Has nobody else noticed the boilerplate go buildtree func is broken… corrected below

func buildTree(nodes []string, pos *int) *Node {
val := nodes[*pos]
if val == “x” {
return nil
v, _ := strconv.Atoi(val) //need to use value here, note *pos since you incremented pos already
left := buildTree(nodes, pos)
right := buildTree(nodes, pos)
return &Node{v, left, right}

A binary search key cannot have duplicate keys.

solution using Integer (which gets around cases where a node has the MAX or MIN value):

public static boolean validBst(Node<Integer> root) {
    return validBstHelper(root, null, null);

private static boolean validBstHelper(Node<Integer> root, Integer min, Integer max) {
    if (root == null) return true;
    if (min != null && root.val < min) return false;
    if (max != null && root.val > max) return false;
    return validBstHelper(root.left, min, root.val) && validBstHelper(root.right, root.val, max);

It works with duplicates, but you have to put the null nodes (leaf nodes) as well in the custom input. so for this case custom input should be “2 2 x x 2 x x”

Can someone please let me know why I fail test 1 (and maybe also, why I fail test 5)? And how can I fix it?

def valid_bst(root: Node) → bool:

def bst(node, node_parent):

    if not node:
        return True

    if root.val < root.left.val or root.val < node_parent:
        return False
    elif root.val > root.right.val or root.val > node_parent:
        return False
    if root.val >= root.left.val:
        return bst(node.left, node)
    if root.right <= root.right.val:
        return bst(node.right, node)
    return True

return bst(root, -math.inf)

passing the parent value down isn’t good enough. In the example where there is an 8 at the bottom, this 8 is ok to be the right of 4. However, at the root, there is a 6. This 8 cannot be on the left subtree from that 6 node. You need to maintain a current allowed max and current allowed min for all nodes within a subtree to follow. If you go left, enforce a new maximum value, if you go right, enforce a new minimum value.

I think it’s worth mentioning that inorder traversal of BST is always sorted

I thought that BST has to have node.left < node < node.right. Why then does test #5 say that a tree consisting of all 7’s is a valid BST?

the condition given is: left <= curr <= right

function validBst(root) {
if (root === null) return true;

function dfs(node, min, max) {
    if (node === null) return true;
    if (node.val < min || node.val > max) return false;
    return dfs(node.left, min, node.val) && dfs(node.right, node.val, max);

return dfs(root, -Infinity, Infinity);


so at first I had if (root === null) return false; bcuz I thought it a root doesn’t exist it should be “false”, but I failed a test so I changed it to “true”?! Am I off?! If the root doesn’t exist in the beginning its true?!

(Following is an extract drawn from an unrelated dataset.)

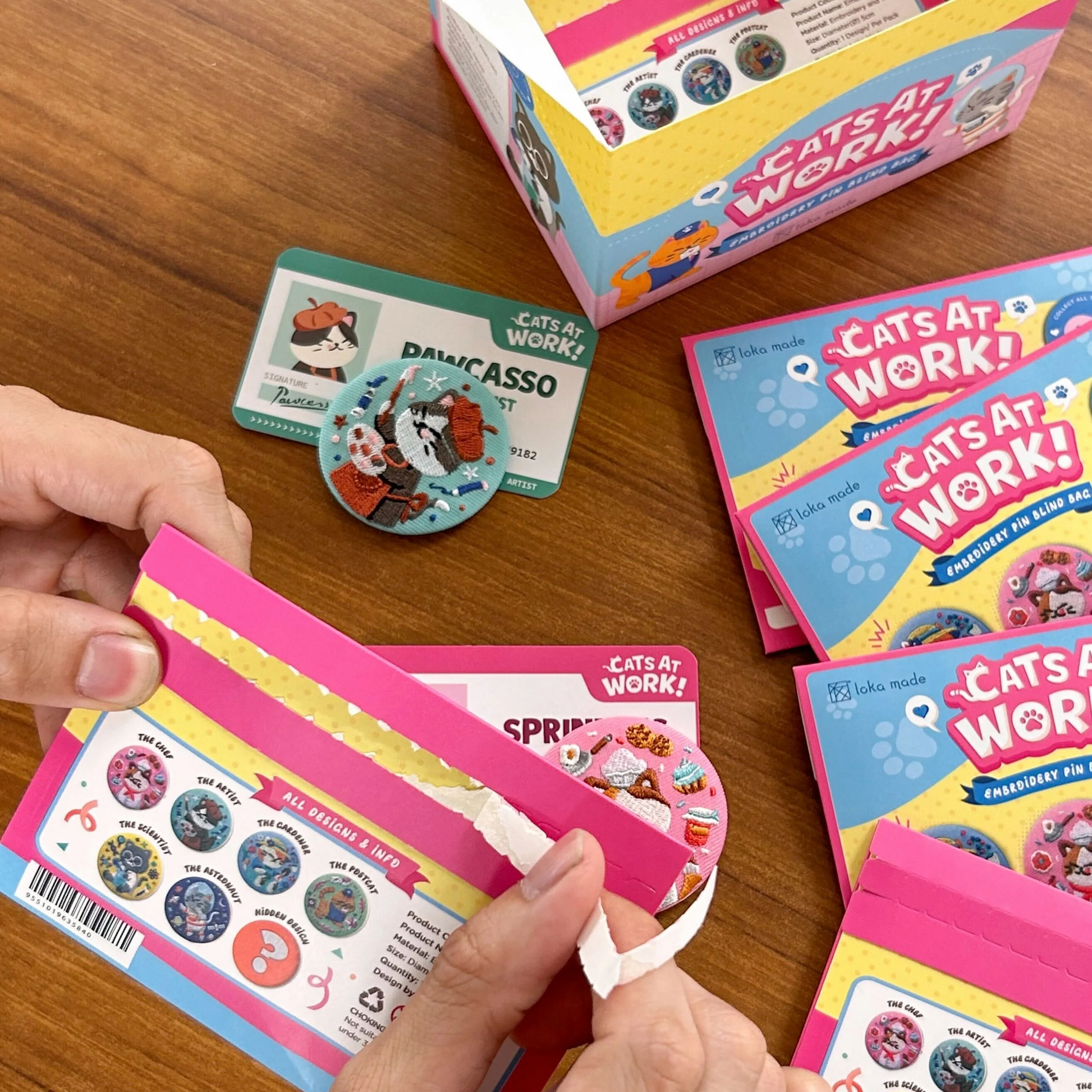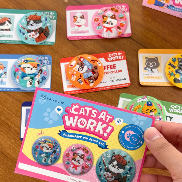 Cats At Work have clocked in! ๐ Our purr-fectly adorable embroidery pin blind bags bring cuteness to the daily grind! ๐พ๐ผ These purr-fessional furballs are clocking in with 7 unique designs, each showcasing a different cat in their professional element ๐ฑ๐ชWith one secret design hidden for the surprise, these pins are ready to brighten up your workday (or any day)!

This took me more than 4 hours. Keep going !!

1 Like

good luck bro.

Can you please explain test #5 for Python -

7 7 7 x x x 7 x 7 x x
expected output: True

Why is this stating that BST’s can have duplicate values in them? Am I missing something?

But then they would need to state this is validating a BT, not a BST. They’ve violated the definition of what a BST is

I don’t understand as well why test #5 -

7 7 7 x x x 7 x 7 x x expected output: True

BSTs can be defined in a variety of ways from left subtree < root < right subtree, left subtree <= root < right subtree, left subtree <= root <= right subtree. This is why it’s important to gather the requirements in an interview setting to make sure you are answering the definition of a BST they are looking for because those differences will impact your answer.

Structured Programming JS Solution:

function validBst(root, min = -Infinity, max = Infinity) {
    let result = true;
    if (root) {
         result = root.val >= min && root.val <= max
             ? validBst(root.left, min, root.val) && validBst(root.right, root.val, max)
             : false;
    return result;